The student center will also be used for major school events, so audio reinforcement will consist of guest speaker presentations, and video. With it being primarily a student center, administration anticipates the space being used for school dances as well, so the system would be used to play music.
 
That's not a huge room ... can you provide a diagram of your planned speaker placement, a few photos of the space, make/model of the currently planned speakers, describe the wall surface, and type of audio programming you are planning on?
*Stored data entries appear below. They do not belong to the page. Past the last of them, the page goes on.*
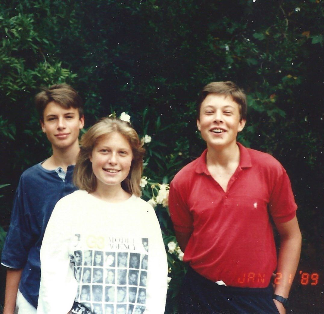Илон Маск с братом Кимбалом и сестрой Тоской, ЮАР, 1989 год.
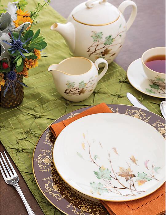 The intricate gold design on Haviland’s Residence Chocolate dinner plates establishes a formal ambiance. Dress up the table with rich solid-color napkins and a contrasting bold table runner.
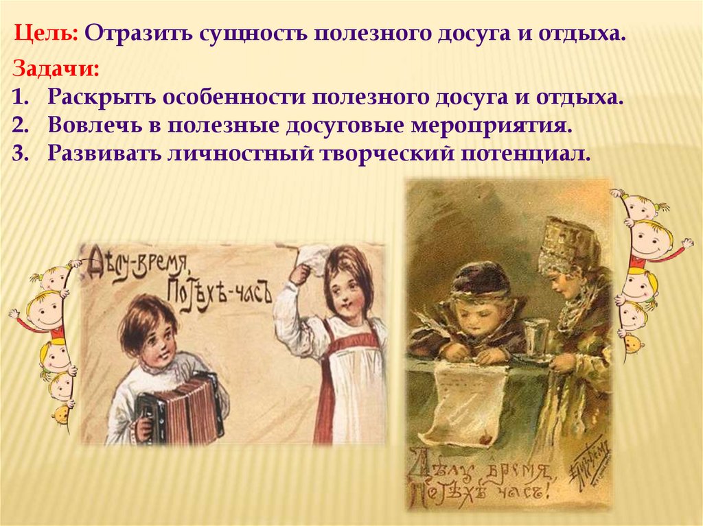 Цель: Отразить сущность полезного досуга и отдыха.Задачи:
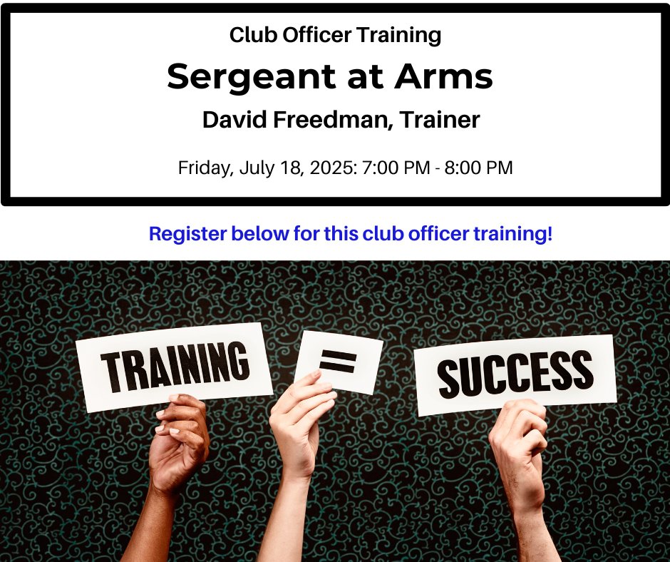 Organizer David Freedman Location Online Date Jul 18 2025 Expired! Time Pacific Daylight Savings (PDT) 7:00 PM - 8:00 PM Online Club Officer Make-Up Training: Sergeant at Arms Club Sergeant at Arms Training Friday, July 18, 2025, at 7:00 PM Pacific Time David Freedman is your trainer. Click here to register for the training event. Share this event + Add to Google Calendar + iCal / Outlook export
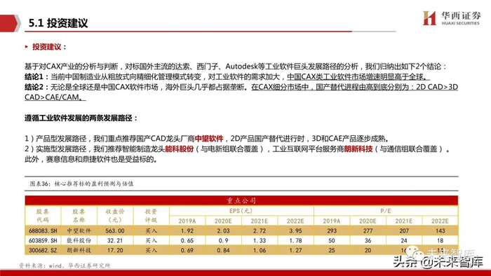 欧美已经诞生了众多综合性的工业巨头,包括西门子(1149亿欧元)、达索(501亿欧元)、Autodesk(645亿美元)、ANSYS(294亿 美元)、PTC(155亿美元),中国CAD龙头厂商中望软件(349亿元)长期成长空间巨大。
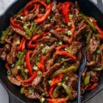 Keywords: pepper steak, stir fry, quick dinner, flank steak recipe, bell peppers, Asian stir fry
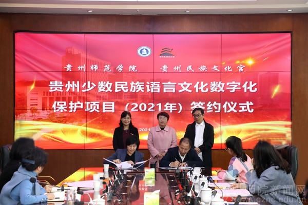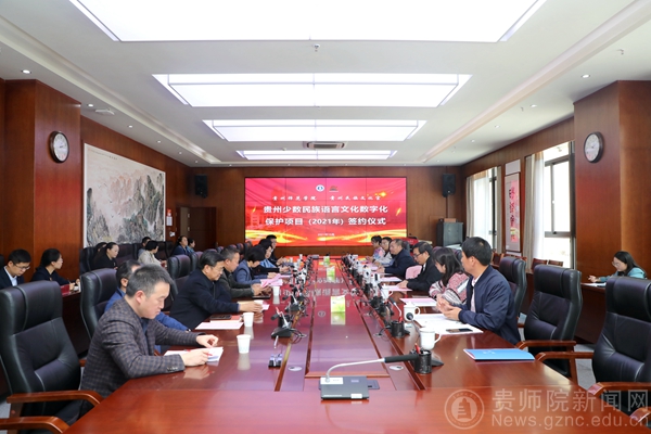 本网讯 10月18日下午,YABO鸭脖官网和贵州民族文化宫在学校信息楼二楼会议室举行了“YABO鸭脖官网民族文化宫贵州少数民族语言文化数字化保护项目(2021年)签约仪式”,旨在加强校地合作,促进双方交流,更好地服务贵州经济社会发展,推动“我为群众办实事”实践活动持续走深走实。

If you plan to run audio for dances, then you probably want good bottom end and the choice of subs will likely depend on your full range speakers. If you are only planning for ambient music then subs may not be needed.
 
From my experience with rooms with no defined "front" is dealing with the simple issue - speakers should always be in front of the microphone.
And even though not a "huge" room, I can imagine with kids standing and no chairs, getting a PA to overcome 1000 rowdy kids isn't as easy as it sounds.
 
From my experience with rooms with no defined "front" is dealing with the simple issue - speakers should always be in front of the microphone.
And even though not a "huge" room, I can imagine with kids standing and no chairs, getting a PA to overcome 1000 rowdy kids isn't as easy as it sounds.

The presenters would be placed in front of the speakers either way. We're also a small school of only 400 students, if that makes a difference.
 
That's not a huge room ... can you provide a diagram of your planned speaker placement, a few photos of the space, make/model of the currently planned speakers, describe the wall surface, and type of audio programming you are planning on?

If you plan to run audio for dances, then you probably want good bottom end and the choice of subs will likely depend on your full range speakers. If you are only planning for ambient music then subs may not be needed.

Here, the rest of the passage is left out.